* SUPPLIED DATA *
= Beginning of Section =

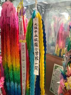 依羅小学校のみんなで作った千羽鶴を奉納しました。
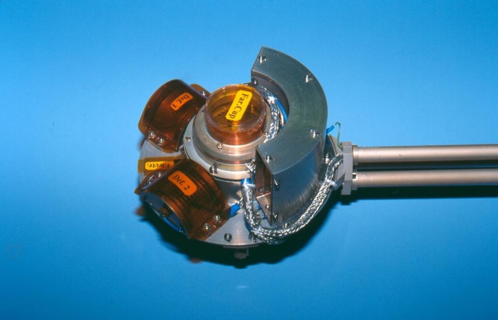 The combined magnetic field and plasma sensor of the Rosetta Lander Magnetometer and Plasma Monitor (ROMAP) instrument, mounted at the end of a small boom onboard Rosetta's lander, Philae.
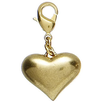 Puff Heart Charm, 30mm drop. Gold colourway.

= End of Section =

* TASK TO COMPLETE *
Write out the material above without changing a word, and skip any picture.

* RESPONSE TO THE EXERCISE *
 依羅小学校のみんなで作った千羽鶴を奉納しました。
 The combined magnetic field and plasma sensor of the Rosetta Lander Magnetometer and Plasma Monitor (ROMAP) instrument, mounted at the end of a small boom onboard Rosetta's lander, Philae.
 Puff Heart Charm, 30mm drop. Gold colourway.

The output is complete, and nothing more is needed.